Do not use pessimistic locks as a general solution for quote editing.

A quote can be open for minutes or hours. Database locks must not live that long.

Lock Window Rule

A lock should protect a short critical section, not a human session.

Bad:

user opens quote
system locks quote
user goes to lunch
all other users blocked

Better:

user opens quote
system shows version 17
user submits command with expected version 17
system rejects if quote changed

7. PostgreSQL Constraints Beat Application Hope

If a business invariant must never be violated, put it in the database when possible.

Application checks are necessary.

They are not sufficient.

Example: One Order Per Accepted Quote Revision

CREATE UNIQUE INDEX uq_order_quote_revision_primary
ON sales_order (quote_revision_id)
WHERE order_kind = 'PRIMARY';

Application logic may check first:

SELECT id FROM sales_order WHERE quote_revision_id = :revisionId;

But the unique index is what prevents a race between two submitters.

Example: Idempotency Key

CREATE TABLE idempotency_record (
  tenant_id uuid NOT NULL,
  idempotency_key text NOT NULL,
  command_name text NOT NULL,
  request_hash text NOT NULL,
  status text NOT NULL,
  response_ref text,
  created_at timestamptz NOT NULL,
  updated_at timestamptz NOT NULL,
  PRIMARY KEY (tenant_id, command_name, idempotency_key)
);

The primary key is the concurrency control.

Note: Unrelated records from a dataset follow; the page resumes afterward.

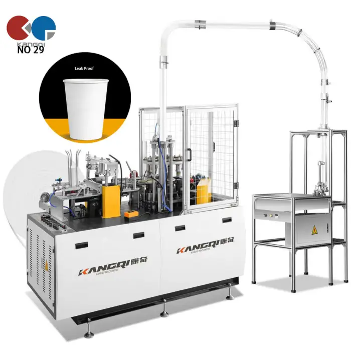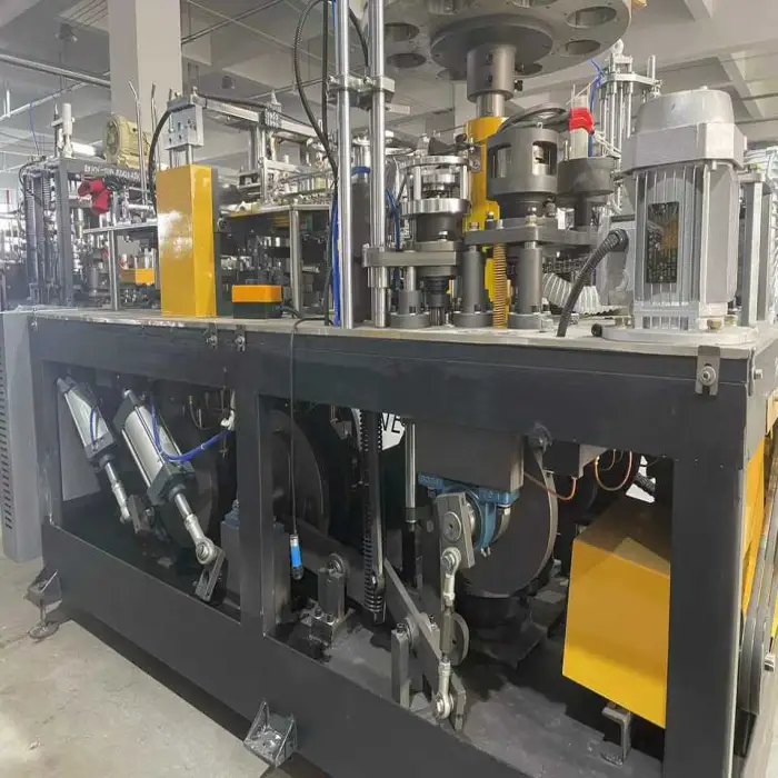 The machine is designed for efficient production, allowing for quick and reliable manufacturing of paper cups.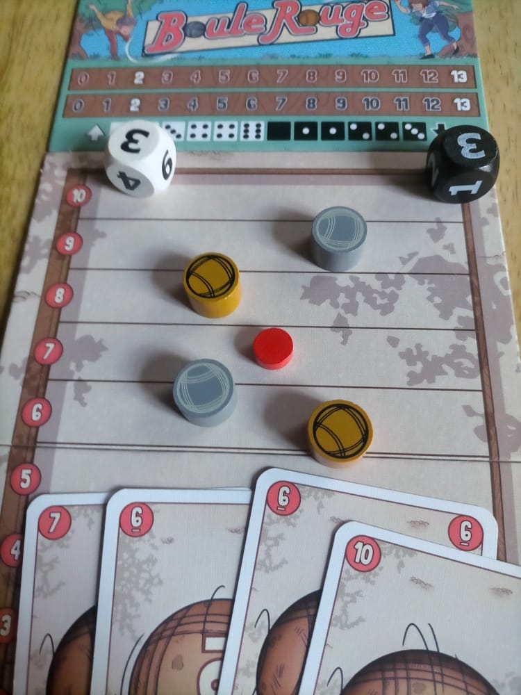 Voilà un thème peu usité dans nos intérieurs : la pétanque. Boule rouge, autrement dit cochonnet dans le jargon, est le jeton que le premier joueur va placer sur la plateau fait de lignes numérotées. Chacun a des cartes en main allant aléatoirement de 2 à 10, et à son tour on joue une carte, on place une boule de notre équipe sur le numéro de ligne jouée, puis on tire un dé pour faire avancer plus loin ou reculer la boule par un subtil effet de rétrobouling (c’est sans doute dans le jargon). Comme à la pétanque, la boule tient le point si elle est plus proche du cochonnet, mais ici pas de vraie notion de distance, les boules sont placées sur des lignes uniquement. Tant qu’on tient le point, c’est à l’autre équipe de jouer ses cartes.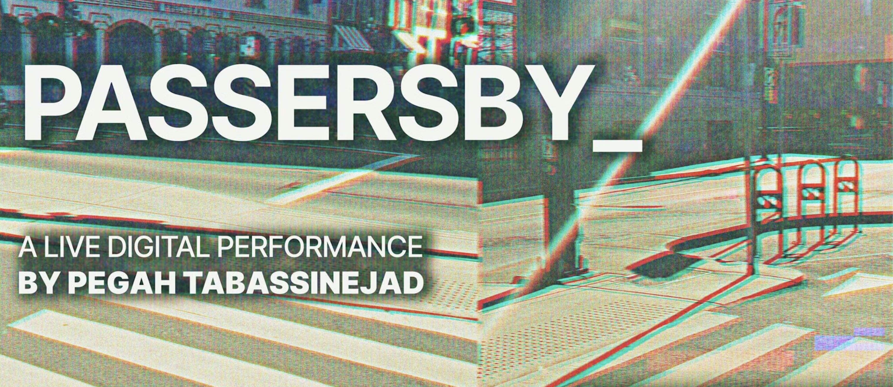 Passersby_ is a live performance presented in the form of live digital film. Two performers will wander around the city of Victoria. The project is exploring the intersections of live cinema, performance art, games, and digital avatars.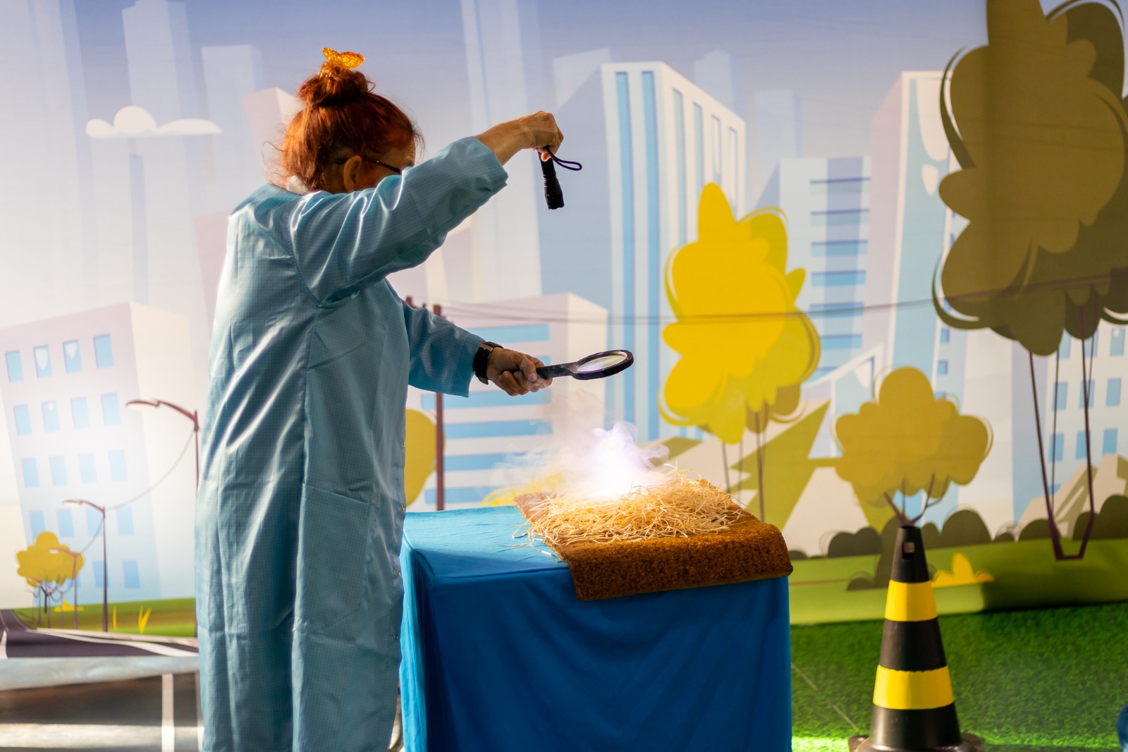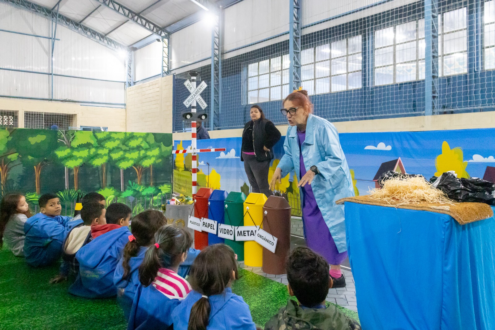 Junto aos atores, as crianças montaram o cenário formando uma cidade, com todas as melhorias necessárias. Uma equipe de monitores esteve disponível para auxiliar as crianças, no entanto, elas tiveram autonomia.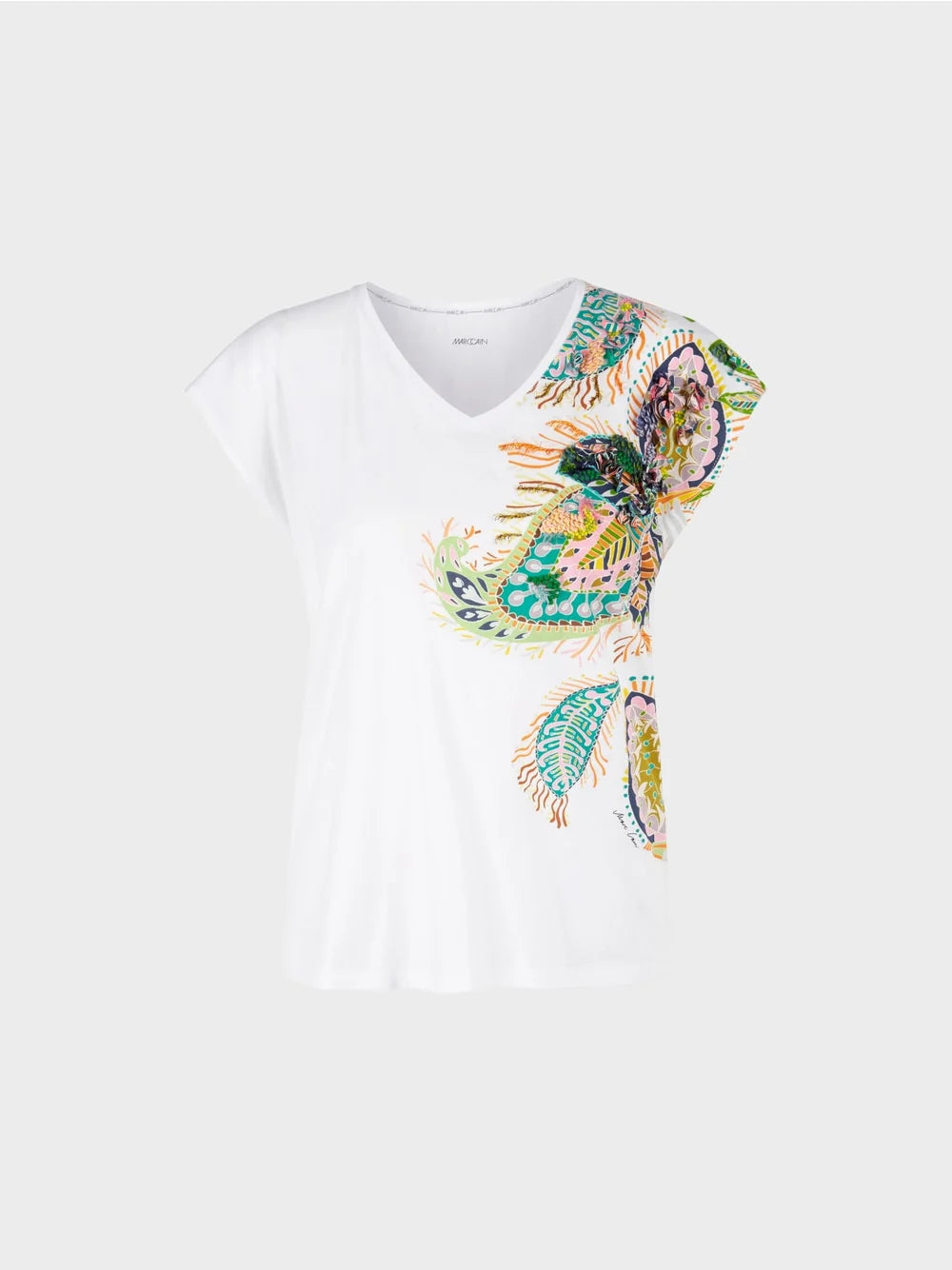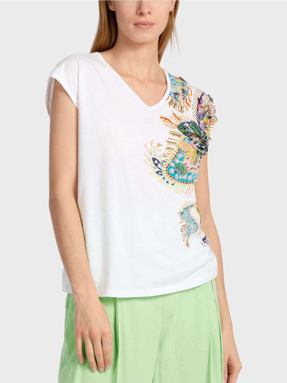Oversized T-shirt made from pure cotton. Cut details include a V-neckline and indicated sleeves. The print - a fancy leaf motif - is placed asymmetrically. Individual parts of the print are embroidered with beads, sequins and yarns.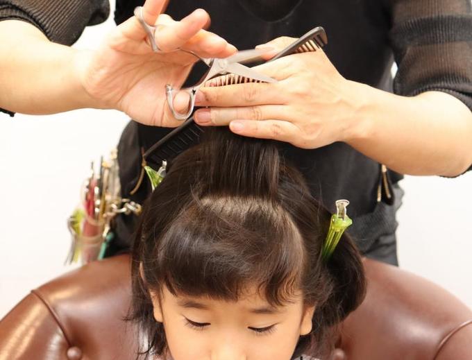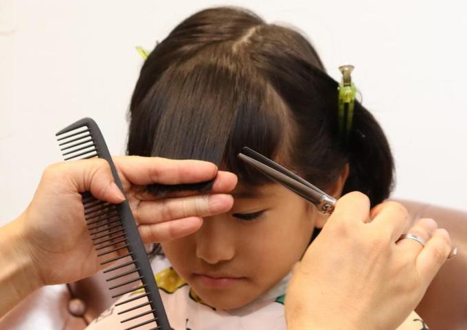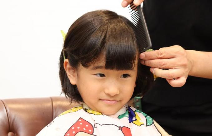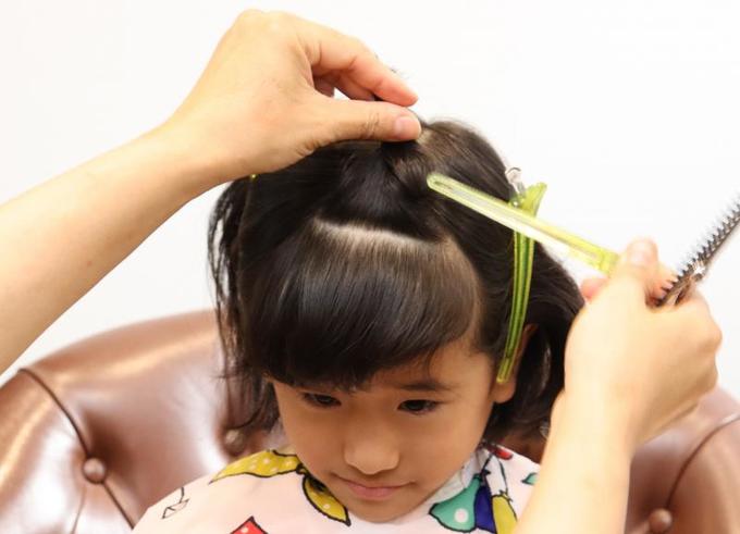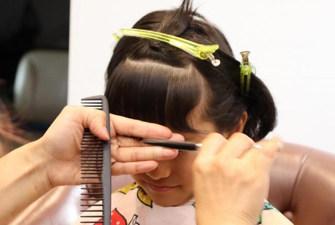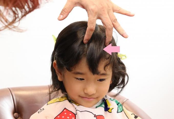 大人と違って、子どもは髪の分け目がしっかりしていないため、前髪とサイドの区別がつきにくい(全ての髪が前に下りてきてしまう)のが難しいところ。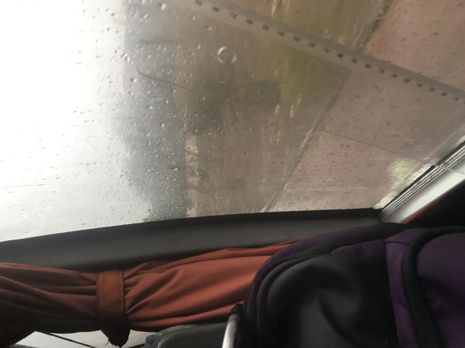 The image appears to be taken from inside a vehicle on a rainy day. Raindrops cover the window, partially obscuring the view of the outside world. A linear measurement, possibly a ruler or a scale, is visible along the top edge of the window. A backpack with purple and black sections is in the foreground. Part of an orange curtain or fabric is also visible. The lighting is subdued due to the overcast weather.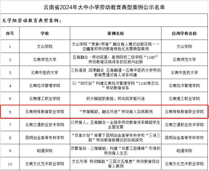 近日,中共云南省委教育工委、云南省教育厅公布2025年大中小学劳动教育典型案例评选结果,ac米兰官网中文网站申报的“‘劳育赋能,融合共进’劳动育人实践案例”成功入选大学组典型案例。学院立足办学特色,创新构建适应性劳动教育体系,将职业技能培养与康复训练有机结合。通过建立课证融通协同育人机制,开发适合肢...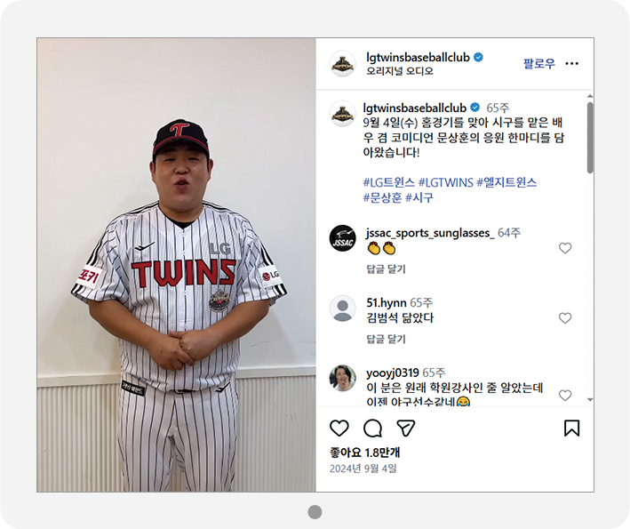 이토록 성공적인 협업은 ‘빠더너스’가 LG에 진심이었기에 가능했다. 문상훈은 LG 팬으로 잘 알려져 있다. LG 경기의 시구를 했던 경험도 있다. LG 팬의 가슴을 뛰게 하는 영상과 상품이 나올 수 있던 배경이다.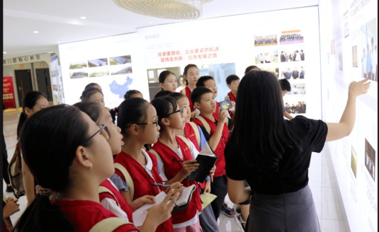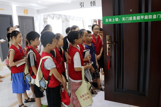 小朋友穿著印有永康日報小記者的紅色馬甲,背著一個米黃色的小書包,排著整齊的隊伍,來到樣品展廳,工作人員介紹了王力的發展歷程、企業文化和智能家居產品等內容,演示了王力智能門鎖和智能小管家。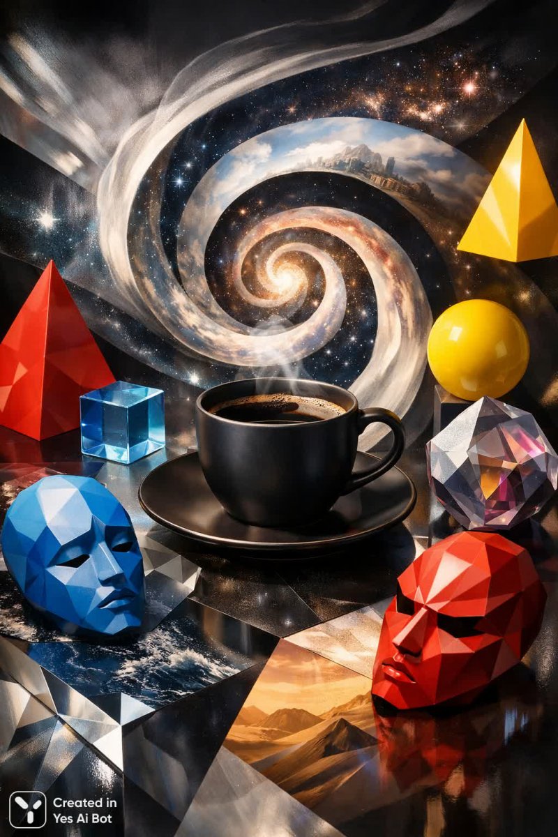 Кофе, геометрия и сновидения: визуальная симфония чувств и реальности - Генерация в нейросети Sora Image

Not a SELECT before INSERT.

Use insert-first semantics:

INSERT INTO idempotency_record (...)
VALUES (...)
ON CONFLICT DO NOTHING;

Then decide whether this request owns execution or must return stored result/conflict.


8. Quote Edit Race

Scenario:

T1: Alice loads quote version 17
T2: Bob loads quote version 17
T3: Alice changes term from 12 months to 24 months
T4: Bob adds discount 20%
T5: Alice saves version 18
T6: Bob saves based on version 17

Without concurrency control, Bob may overwrite Alice.

Correct behavior:

Bob's command is rejected with QUOTE_VERSION_CONFLICT
Bob reloads version 18
Bob decides whether discount still applies

State Diagram

API Shape

PATCH /quotes/q-123
If-Match: "17"
Idempotency-Key: edit-q123-abc

Conflict response:

{
  "type": "https://errors.example.com/quote-version-conflict",
  "title": "Quote has changed",
  "status": 409,
  "code": "QUOTE_VERSION_CONFLICT",
  "detail": "The quote was modified after this workspace was loaded.",
  "quoteId": "q-123",
  "expectedVersion": 17,
  "currentVersion": 18,
  "safeUserAction": "RELOAD_AND_REAPPLY"
}

9. Price Staleness Race

Scenario:

T1: Quote priced using catalog v2026.07 and price book p-44
T2: New price book p-45 is published
T3: User accepts quote based on p-44

The system must know whether old price is still valid.

Possible policies:

PolicyMeaning
valid until quote expiryold price result remains acceptable
reprice required on publishquote must be repriced before submit/accept
reprice required on material changeonly certain price book changes invalidate
approval required if staleaccept allowed only with authority

Do not bury this in code.

Model it explicitly.

Quote price result must include:

{
  "priceResultId": "pr-991",
  "priceBookVersion": "p-44",
  "catalogVersion": "2026.07",
  "pricedAt": "2026-07-02T10:00:00+07:00",
  "validUntil": "2026-07-09T23:59:59+07:00",
  "stalenessPolicy": "VALID_UNTIL_QUOTE_EXPIRY",
  "inputHash": "sha256:..."
}

Acceptance guard:

accept quote only if:
  quote.revision_id == approved_revision_id
  price_result_id == approved_price_result_id
  price_result still acceptable under policy
  document artifact matches same revision

10. Approval Staleness Race

Scenario:

T1: Quote revision 4 priced at IDR 100M with 20% discount
T2: Manager approves revision 4
T3: Sales changes line quantity, revision 5
T4: Sales attempts to accept quote using approval from revision 4

Correct behavior:

approval for revision 4 cannot authorize revision 5.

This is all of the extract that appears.